▶ _Your goal_: The records that follow are to be reproduced verbatim.

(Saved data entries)
--------------------
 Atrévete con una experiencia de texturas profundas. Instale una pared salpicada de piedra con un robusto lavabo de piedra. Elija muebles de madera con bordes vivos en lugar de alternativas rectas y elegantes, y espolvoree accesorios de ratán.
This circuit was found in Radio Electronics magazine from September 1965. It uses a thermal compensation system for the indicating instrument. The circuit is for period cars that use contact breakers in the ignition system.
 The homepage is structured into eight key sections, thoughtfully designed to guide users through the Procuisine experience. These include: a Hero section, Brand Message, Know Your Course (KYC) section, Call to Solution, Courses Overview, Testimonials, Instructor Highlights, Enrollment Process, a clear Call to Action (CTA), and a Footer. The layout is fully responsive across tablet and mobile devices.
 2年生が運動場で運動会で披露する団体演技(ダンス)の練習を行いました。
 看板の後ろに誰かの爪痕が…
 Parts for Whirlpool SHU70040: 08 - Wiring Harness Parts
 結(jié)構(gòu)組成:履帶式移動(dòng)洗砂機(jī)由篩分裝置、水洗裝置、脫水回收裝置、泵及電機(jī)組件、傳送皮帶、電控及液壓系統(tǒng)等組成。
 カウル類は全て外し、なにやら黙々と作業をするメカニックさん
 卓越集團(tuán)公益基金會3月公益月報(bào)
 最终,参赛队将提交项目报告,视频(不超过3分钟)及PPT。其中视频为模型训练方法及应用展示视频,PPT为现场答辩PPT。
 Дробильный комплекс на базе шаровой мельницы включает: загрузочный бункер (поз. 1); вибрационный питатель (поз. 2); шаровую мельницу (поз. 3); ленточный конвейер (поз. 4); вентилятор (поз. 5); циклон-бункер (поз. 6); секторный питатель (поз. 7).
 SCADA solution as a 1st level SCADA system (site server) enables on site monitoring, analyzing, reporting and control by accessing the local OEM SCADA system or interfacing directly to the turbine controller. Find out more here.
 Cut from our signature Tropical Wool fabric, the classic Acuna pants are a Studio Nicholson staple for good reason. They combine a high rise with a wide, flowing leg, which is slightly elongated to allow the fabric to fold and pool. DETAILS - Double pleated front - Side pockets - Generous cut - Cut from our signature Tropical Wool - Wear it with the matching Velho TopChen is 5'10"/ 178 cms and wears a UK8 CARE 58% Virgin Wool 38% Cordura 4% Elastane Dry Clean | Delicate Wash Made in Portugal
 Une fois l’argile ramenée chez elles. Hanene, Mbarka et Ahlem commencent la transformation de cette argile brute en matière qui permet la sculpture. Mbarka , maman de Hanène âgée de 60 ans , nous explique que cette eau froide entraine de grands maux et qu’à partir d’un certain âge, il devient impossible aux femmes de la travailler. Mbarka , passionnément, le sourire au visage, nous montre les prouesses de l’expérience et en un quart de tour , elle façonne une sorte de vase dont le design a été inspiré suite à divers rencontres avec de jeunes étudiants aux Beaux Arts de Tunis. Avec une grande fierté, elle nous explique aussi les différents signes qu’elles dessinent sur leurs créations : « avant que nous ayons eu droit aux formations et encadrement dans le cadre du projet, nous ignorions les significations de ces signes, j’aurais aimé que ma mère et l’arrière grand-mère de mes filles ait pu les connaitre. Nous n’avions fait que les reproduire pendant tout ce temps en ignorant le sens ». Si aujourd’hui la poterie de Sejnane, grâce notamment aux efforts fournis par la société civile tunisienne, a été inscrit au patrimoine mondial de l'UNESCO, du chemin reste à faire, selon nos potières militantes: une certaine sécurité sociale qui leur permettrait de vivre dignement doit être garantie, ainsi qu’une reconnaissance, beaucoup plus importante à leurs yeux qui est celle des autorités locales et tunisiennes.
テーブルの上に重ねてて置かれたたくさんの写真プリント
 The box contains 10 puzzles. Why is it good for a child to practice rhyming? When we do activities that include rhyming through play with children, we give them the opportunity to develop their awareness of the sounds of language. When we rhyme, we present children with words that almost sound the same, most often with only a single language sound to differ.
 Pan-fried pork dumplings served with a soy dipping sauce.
--------------------
▶ _Solution for this exercise_:
 Atrévete con una experiencia de texturas profundas. Instale una pared salpicada de piedra con un robusto lavabo de piedra. Elija muebles de madera con bordes vivos en lugar de alternativas rectas y elegantes, y espolvoree accesorios de ratán.
This circuit was found in Radio Electronics magazine from September 1965. It uses a thermal compensation system for the indicating instrument. The circuit is for period cars that use contact breakers in the ignition system.
 The homepage is structured into eight key sections, thoughtfully designed to guide users through the Procuisine experience. These include: a Hero section, Brand Message, Know Your Course (KYC) section, Call to Solution, Courses Overview, Testimonials, Instructor Highlights, Enrollment Process, a clear Call to Action (CTA), and a Footer. The layout is fully responsive across tablet and mobile devices.
 2年生が運動場で運動会で披露する団体演技(ダンス)の練習を行いました。
 看板の後ろに誰かの爪痕が…
 Parts for Whirlpool SHU70040: 08 - Wiring Harness Parts
 結(jié)構(gòu)組成:履帶式移動(dòng)洗砂機(jī)由篩分裝置、水洗裝置、脫水回收裝置、泵及電機(jī)組件、傳送皮帶、電控及液壓系統(tǒng)等組成。
 カウル類は全て外し、なにやら黙々と作業をするメカニックさん
 卓越集團(tuán)公益基金會3月公益月報(bào)
 最终,参赛队将提交项目报告,视频(不超过3分钟)及PPT。其中视频为模型训练方法及应用展示视频,PPT为现场答辩PPT。
 Дробильный комплекс на базе шаровой мельницы включает: загрузочный бункер (поз. 1); вибрационный питатель (поз. 2); шаровую мельницу (поз. 3); ленточный конвейер (поз. 4); вентилятор (поз. 5); циклон-бункер (поз. 6); секторный питатель (поз. 7).
 SCADA solution as a 1st level SCADA system (site server) enables on site monitoring, analyzing, reporting and control by accessing the local OEM SCADA system or interfacing directly to the turbine controller. Find out more here.
 Cut from our signature Tropical Wool fabric, the classic Acuna pants are a Studio Nicholson staple for good reason. They combine a high rise with a wide, flowing leg, which is slightly elongated to allow the fabric to fold and pool. DETAILS - Double pleated front - Side pockets - Generous cut - Cut from our signature Tropical Wool - Wear it with the matching Velho TopChen is 5'10"/ 178 cms and wears a UK8 CARE 58% Virgin Wool 38% Cordura 4% Elastane Dry Clean | Delicate Wash Made in Portugal
 Une fois l’argile ramenée chez elles. Hanene, Mbarka et Ahlem commencent la transformation de cette argile brute en matière qui permet la sculpture. Mbarka , maman de Hanène âgée de 60 ans , nous explique que cette eau froide entraine de grands maux et qu’à partir d’un certain âge, il devient impossible aux femmes de la travailler. Mbarka , passionnément, le sourire au visage, nous montre les prouesses de l’expérience et en un quart de tour , elle façonne une sorte de vase dont le design a été inspiré suite à divers rencontres avec de jeunes étudiants aux Beaux Arts de Tunis. Avec une grande fierté, elle nous explique aussi les différents signes qu’elles dessinent sur leurs créations : « avant que nous ayons eu droit aux formations et encadrement dans le cadre du projet, nous ignorions les significations de ces signes, j’aurais aimé que ma mère et l’arrière grand-mère de mes filles ait pu les connaitre. Nous n’avions fait que les reproduire pendant tout ce temps en ignorant le sens ». Si aujourd’hui la poterie de Sejnane, grâce notamment aux efforts fournis par la société civile tunisienne, a été inscrit au patrimoine mondial de l'UNESCO, du chemin reste à faire, selon nos potières militantes: une certaine sécurité sociale qui leur permettrait de vivre dignement doit être garantie, ainsi qu’une reconnaissance, beaucoup plus importante à leurs yeux qui est celle des autorités locales et tunisiennes.
テーブルの上に重ねてて置かれたたくさんの写真プリント
 The box contains 10 puzzles. Why is it good for a child to practice rhyming? When we do activities that include rhyming through play with children, we give them the opportunity to develop their awareness of the sounds of language. When we rhyme, we present children with words that almost sound the same, most often with only a single language sound to differ.
 Pan-fried pork dumplings served with a soy dipping sauce.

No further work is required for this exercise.